Figure 31 is the figure of the multiplying power property (being discharged to the discharge capacity of 0.5V) that sample 3, sample 4, sample 5 and sample 20 are shown.
Figure 32 is the figure that the cycle characteristics of sample 11 under current density 37.2mA/g is shown.
Figure 33 is the summary construction diagram of the lithium rechargeable battery of the 2nd execution mode of the present invention.
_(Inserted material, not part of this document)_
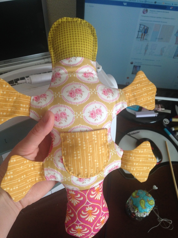 Карман добавила от себя. Что за утконосик без кармашка?! Встала в 6 часов, дошила, натолкала колечек в карман и подложила спящей Махе)

description of reference numerals
1 ... SiO 2opal, 2 ... carbon source, 3 ... complex, 4 ... complex, 5 ... macropore porous carbon, 6 ... pore, 7 ... nickel nitrate, 8 ... graphitization porous carbon, 9 ... macropore porousness graphite electrode material, 10 ... SiO 2opal, 11 ... carbon source, 12 ... complex, 13 ... complex, 14 ... macropore porousness graphite electrode material, 15 ... pore, 20 ... lithium rechargeable battery, 21 ... barrier film, 22 ... positive pole parts, 23 ... anode member, 24 ... lead-in wire, 25 ... positive pole collector plate, 26 ... housing, 27 ... positive terminal, 28 ... negative pole collector plate, 29 ... lead-in wire, 30 ... spool body
Embodiment
<1. the 1st execution mode: macropore porousness graphite electrode material >
Below, with reference to Figure 1A ~ Fig. 1 H, the macropore porousness graphite electrode material of the 1st execution mode of the present invention and manufacture method thereof are described.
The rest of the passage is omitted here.